Pryor W A
Biodynamics Institute, Louisiana State University, Baton Rouge 70803-1800.
Free Radic Biol Med. 1992 Dec;13(6):659-76. doi: 10.1016/0891-5849(92)90040-n.
This review compares and contrasts the chemistry of cigarette smoke, wood smoke, and the smoke from plastics and building materials that is inhaled by persons trapped in fires. Cigarette smoke produces cancer, emphysema, and other diseases after a delay of years. Acute exposure to smoke in a fire can produce a loss of lung function and death after a delay of days or weeks.

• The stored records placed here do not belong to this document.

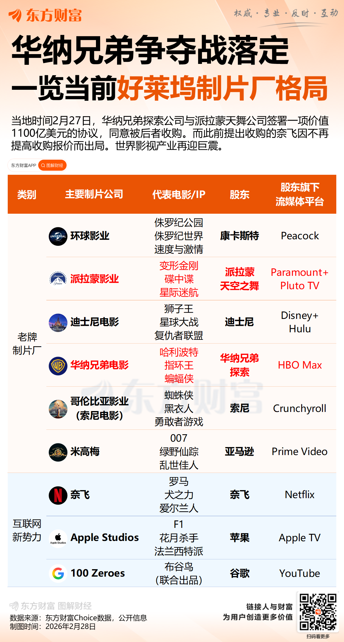 华纳兄弟争夺战终落幕 一图速览当前好莱坞制片厂格局
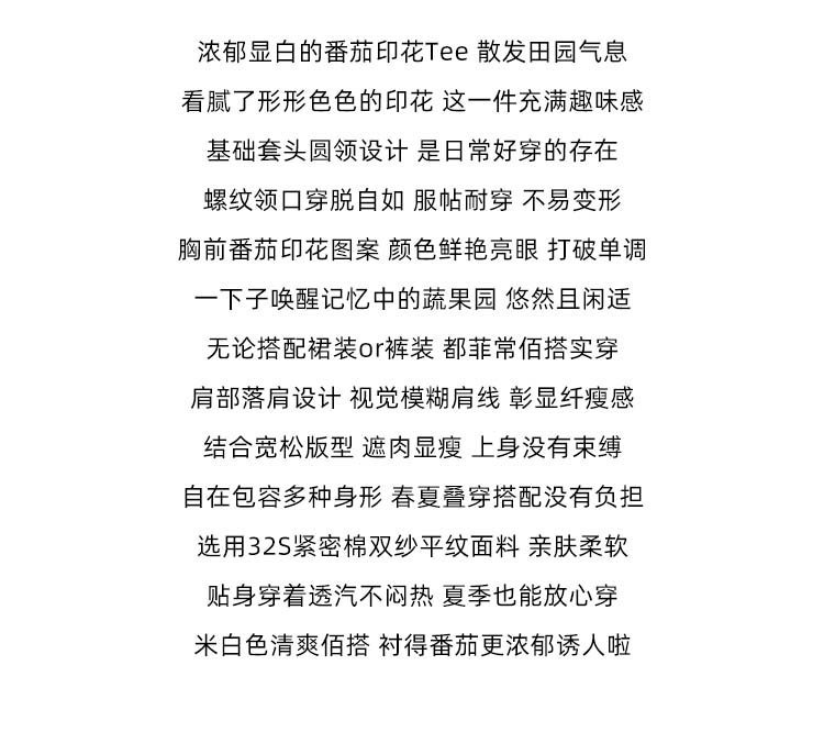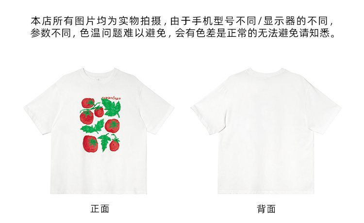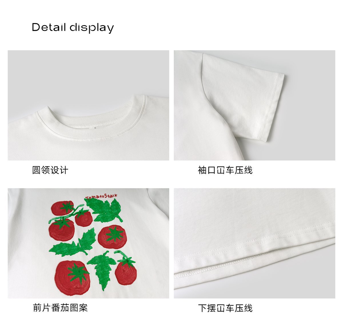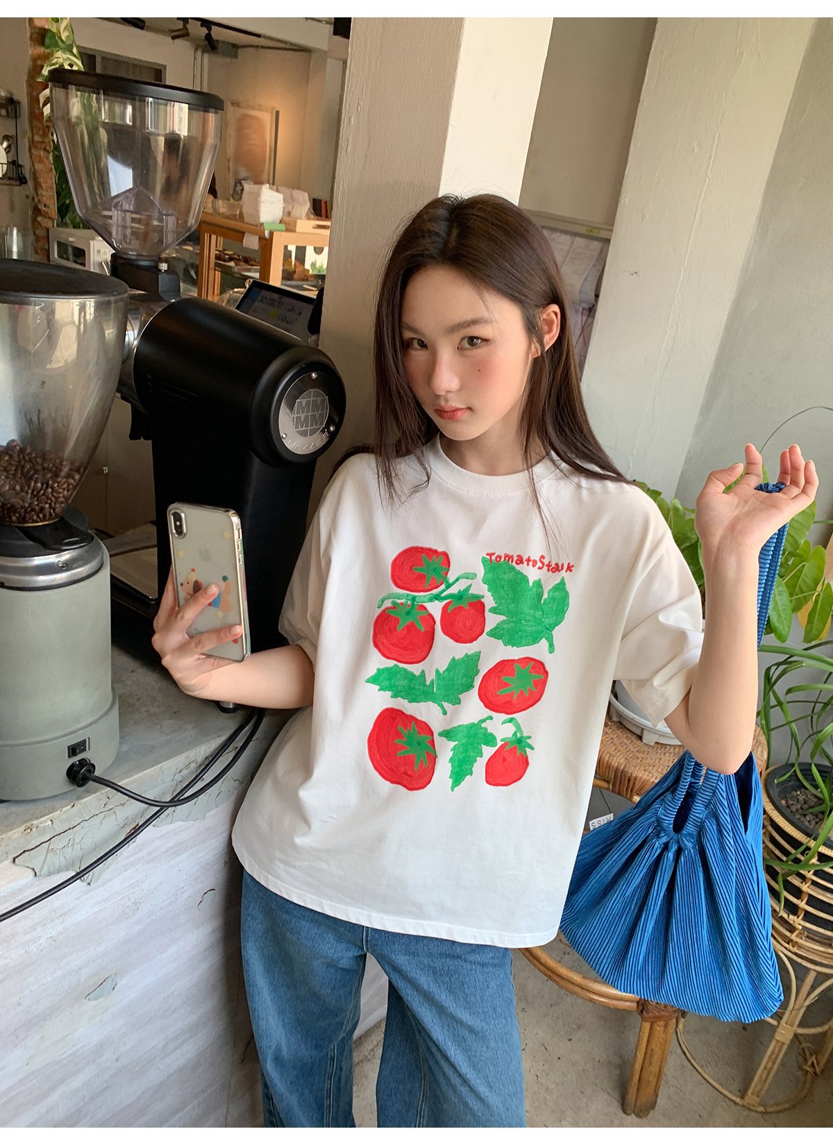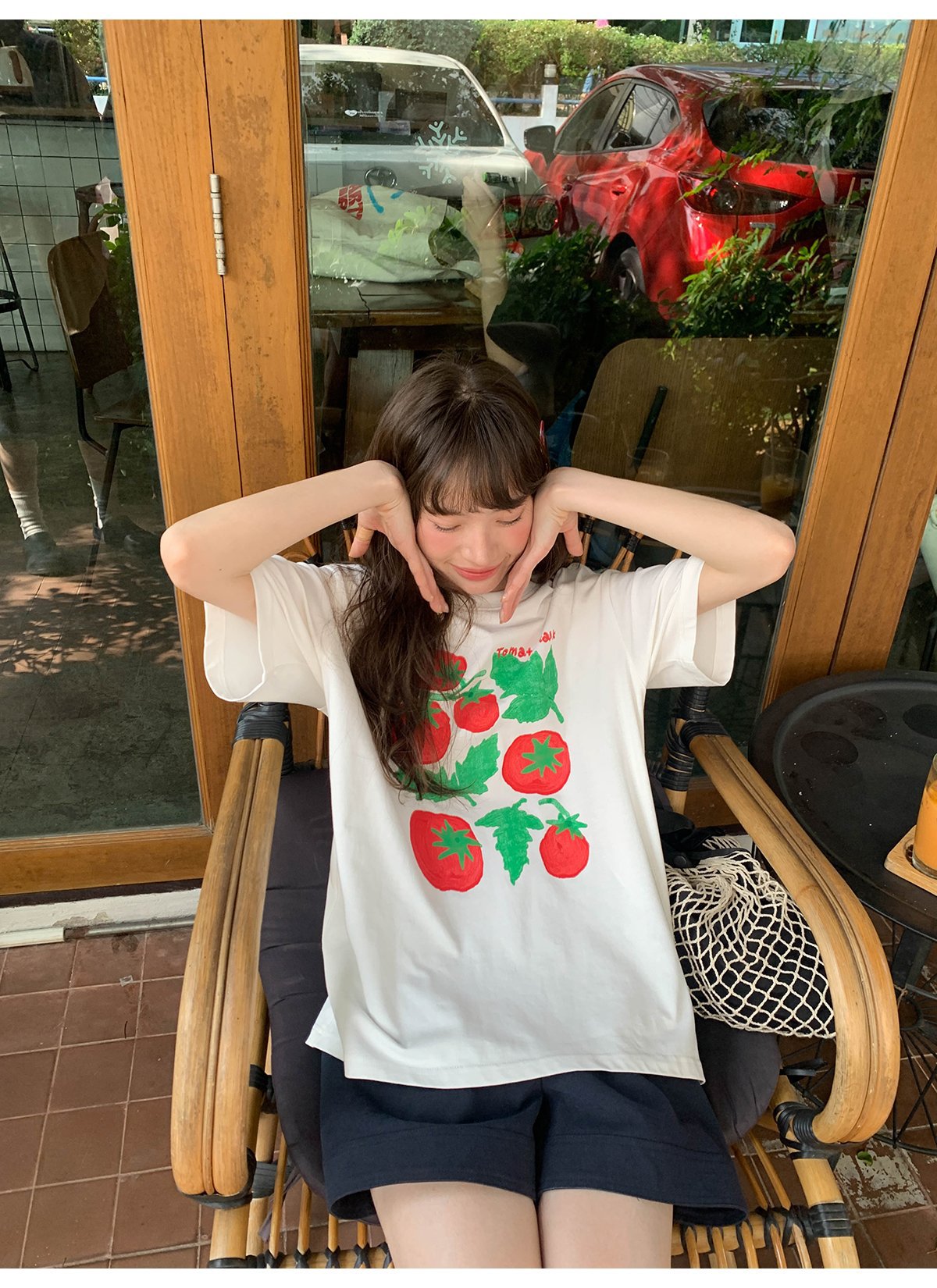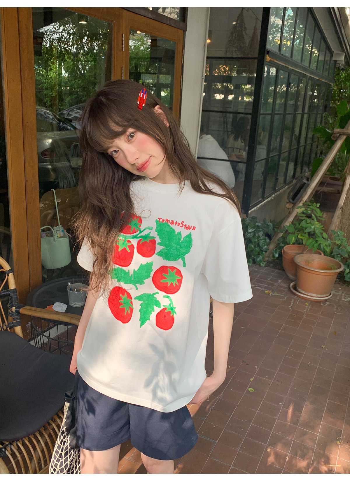 原创番茄印花休闲短袖t恤女夏新款独特宽松圆领纯棉上衣
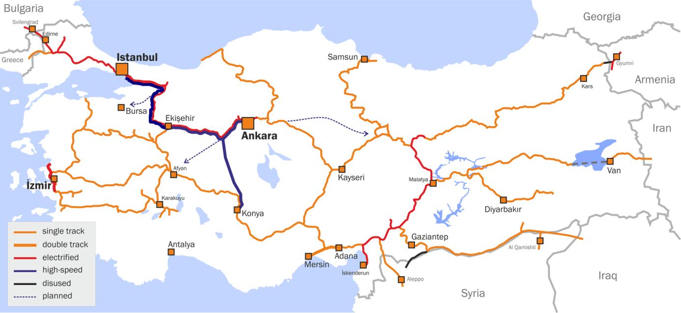 Carte de la Turquie train. Turquie carte du train (Asie de l'Ouest Asie) à imprimer. Turquie carte du train (Asie de l'Ouest Asie) à télécharger. Le réseau ferroviaire turc est géré par les chemins de fer turcs (TCDD ; w tcdd.gov.tr), comme le montre la carte des trains en Turquie. Malheureusement, en raison d'une révision majeure du réseau, il y a actuellement beaucoup d'incertitude quant aux trains qui sont opérationnels. Par exemple, jusqu'à la fin des travaux de la nouvelle ligne à grande vitesse entre Istanbul et Ankara, prévue pour 2015, la seule option pour les voyageurs en train est de prendre le bus jusqu'à Eskişehir, puis le train à grande vitesse jusqu'à Ankara (et vice versa). Le service entre Istanbul et Konya a été annulé, mais il est toujours possible de rejoindre İzmir par le rail en prenant le ferry à grande vitesse de Yenikapı et le 6 Eylül Ekspres sur İzmir depuis Bandirma. Un nouveau service à grande vitesse très utile relie également Ankara à Konya.
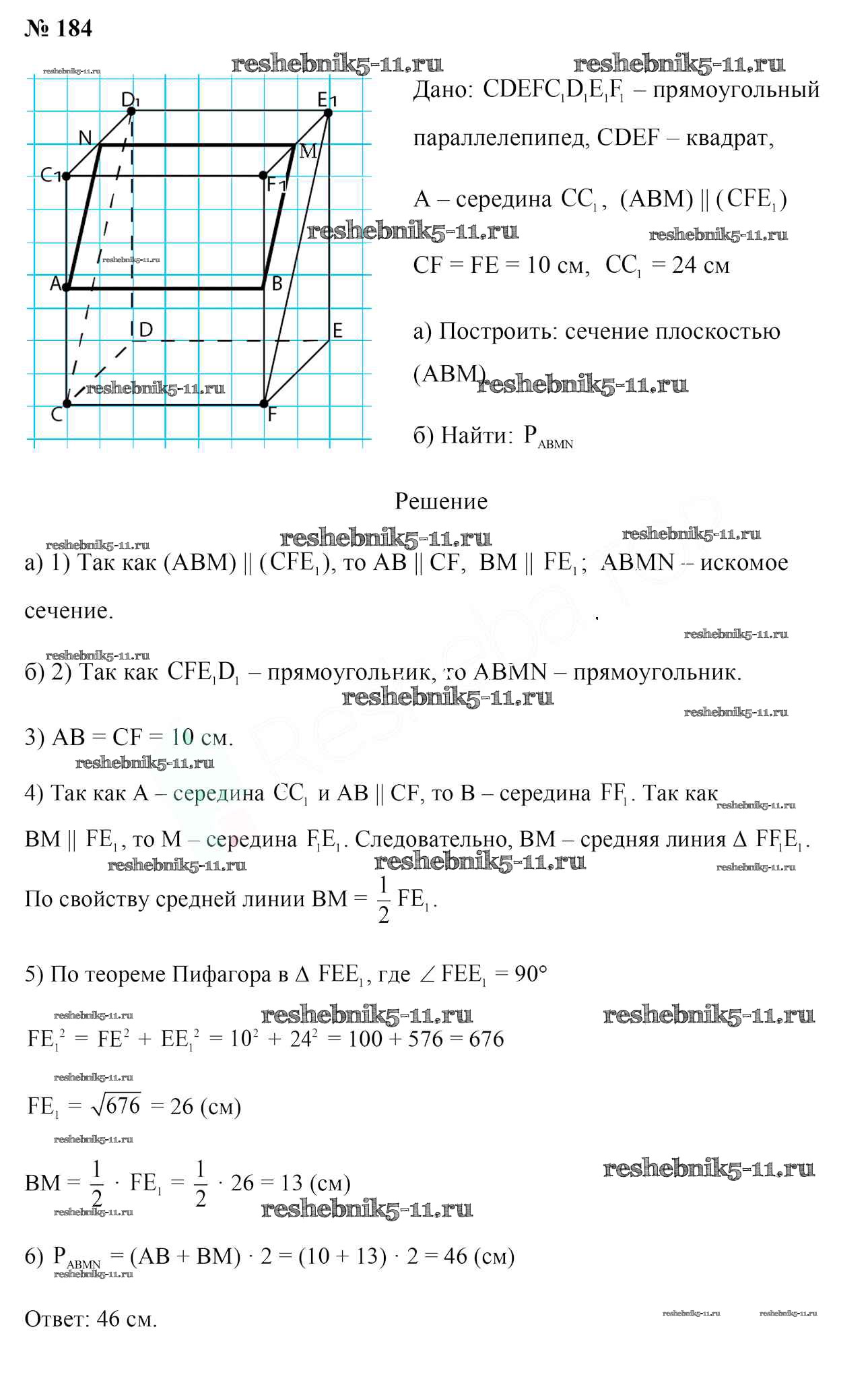 Готовая домашняя работа с ответами по Геометрии за 10 класс Латотин, Чеботаревский, Горбунова Учебник Народная асвета 2020 - Задачи 184
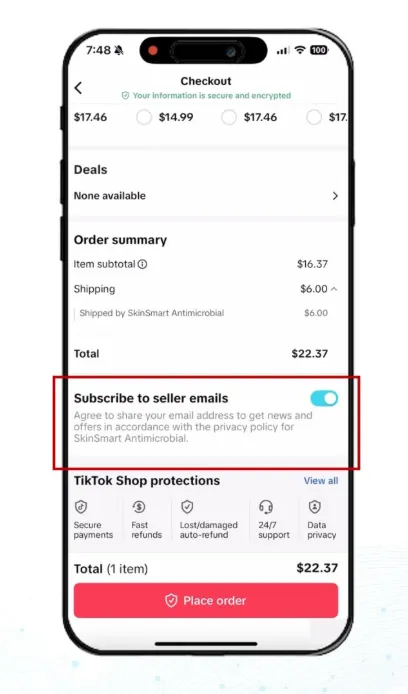 在购买页面前端,TikTok最近又推出一个新功能,顾虑客户订阅卖家的邮件。
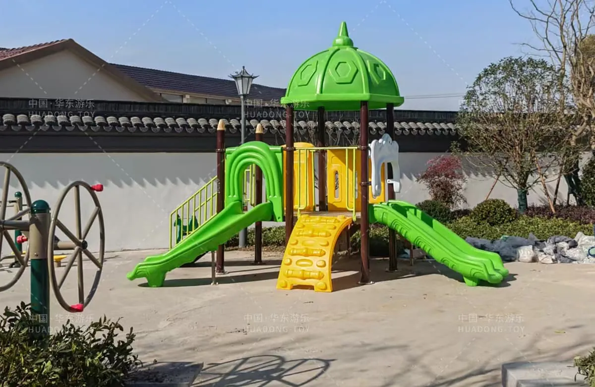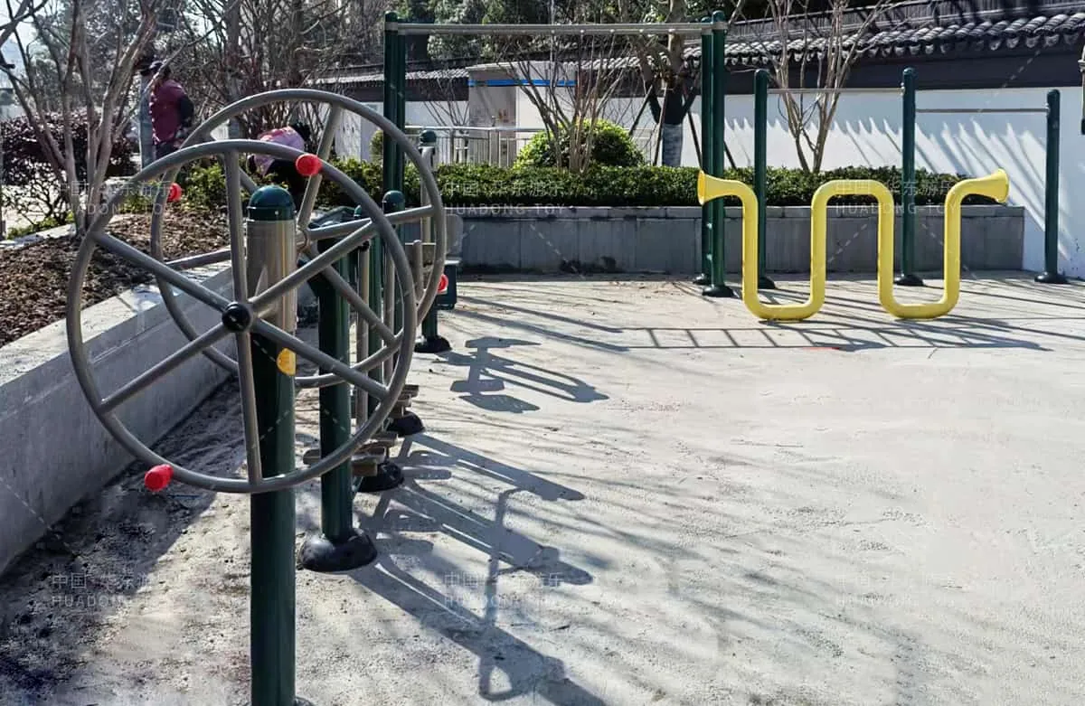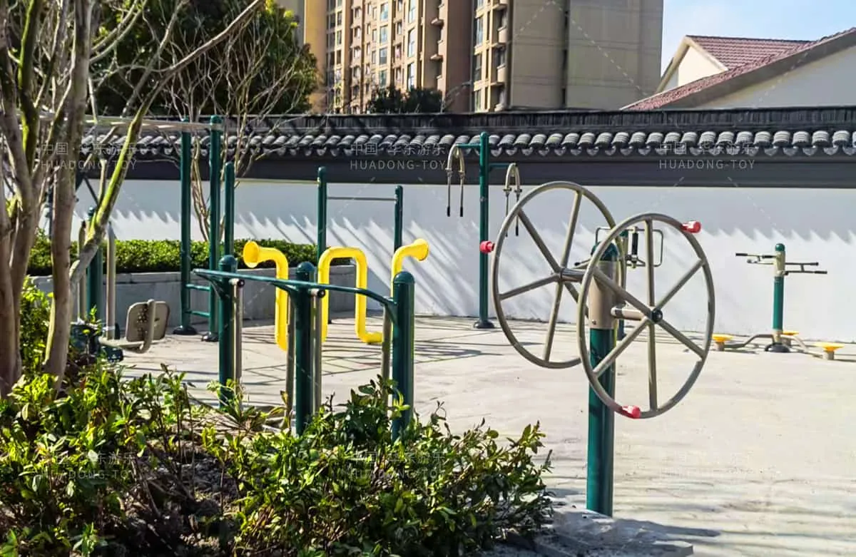 This is a villa series combination slide made of roll molding, featuring bright colors and a long service life. Additionally, various fitness equipment has been installed to better serve community residents.

Tobacco smoke and the smoke inhaled in a burning building have some similarities from a chemical viewpoint. For example, both contain high concentrations of CO and other combustion products. In addition, both contain high concentrations of free radicals, and our laboratory has studied these free radicals, largely by electron spin resonance (ESR) methods, for about 15 years. This article reviews what is known about the radicals present in these different types of smokes and soots and tars and summarizes the evidence that suggests these radicals could be involved in cigarette-induced pathology and smoke-inhalation deaths. The combustion of all organic materials produces radicals, but (with the exception of the smoke from perfluoropolymers) the radicals that are detected by ESR methods (and thus the radicals that would reach the lungs) are not those that arise in the combustion process. Rather they arise from chemical reactions that occur in the smoke itself. Thus, a knowledge of the chemistry of the smoke is necessary to understand the nature of the radicals formed. Even materials as similar as cigarettes and wood (cellulose) produce smoke that contains radicals with very different lifetimes and chemical characteristics, and mechanistic rationales for this are discussed. Cigarette tar contains a semiquinone radical that is infinitely stable and can be directly observed by ESR. Aqueous extracts of cigarette tar, which contain this radical, reduce oxygen to superoxide and thus produce both hydrogen peroxide and the hydroxyl radical. These solutions both oxidize alpha-1-proteinase inhibitor (a1PI) and nick DNA. Because of the potential role of radicals in smoke-inhalation injury, we suggest that antioxidant therapy (such as use of an inhaler for persons brought out of a burning building) might prove efficacious.
本综述比较并对比了香烟烟雾、木材烟雾以及火灾中被困人员吸入的塑料和建筑材料产生的烟雾的化学性质。香烟烟雾会在数年的延迟后引发癌症、肺气肿和其他疾病。火灾中急性接触烟雾会在数天或数周的延迟后导致肺功能丧失和死亡。从化学角度来看,烟草烟雾和燃烧建筑物中吸入的烟雾有一些相似之处。例如,两者都含有高浓度的一氧化碳和其他燃烧产物。此外,两者都含有高浓度的自由基,我们实验室已经用电子自旋共振(ESR)方法对这些自由基进行了大约15年的研究。本文回顾了关于这些不同类型的烟雾、煤烟和焦油中存在的自由基的已知信息,并总结了表明这些自由基可能与香烟诱发的病理学和烟雾吸入死亡有关的证据。所有有机材料的燃烧都会产生自由基,但(全氟聚合物烟雾除外)通过ESR方法检测到的自由基(因此会到达肺部的自由基)并非燃烧过程中产生的自由基。相反,它们源于烟雾本身发生的化学反应。因此,了解烟雾的化学性质对于理解所形成自由基的性质是必要的。即使是像香烟和木材(纤维素)这样相似的材料,产生的烟雾中所含自由基的寿命和化学特性也截然不同,本文对此进行了机理分析。香烟焦油含有一种无限稳定的半醌自由基,可通过ESR直接观察到。含有这种自由基的香烟焦油的水提取物将氧气还原为超氧化物,从而产生过氧化氢和羟基自由基。这些溶液既能氧化α-1-蛋白酶抑制剂(a1PI),又能切割DNA。由于自由基在烟雾吸入损伤中可能发挥的作用,我们建议抗氧化疗法(如为从燃烧建筑物中救出的人员使用吸入器)可能会被证明是有效的。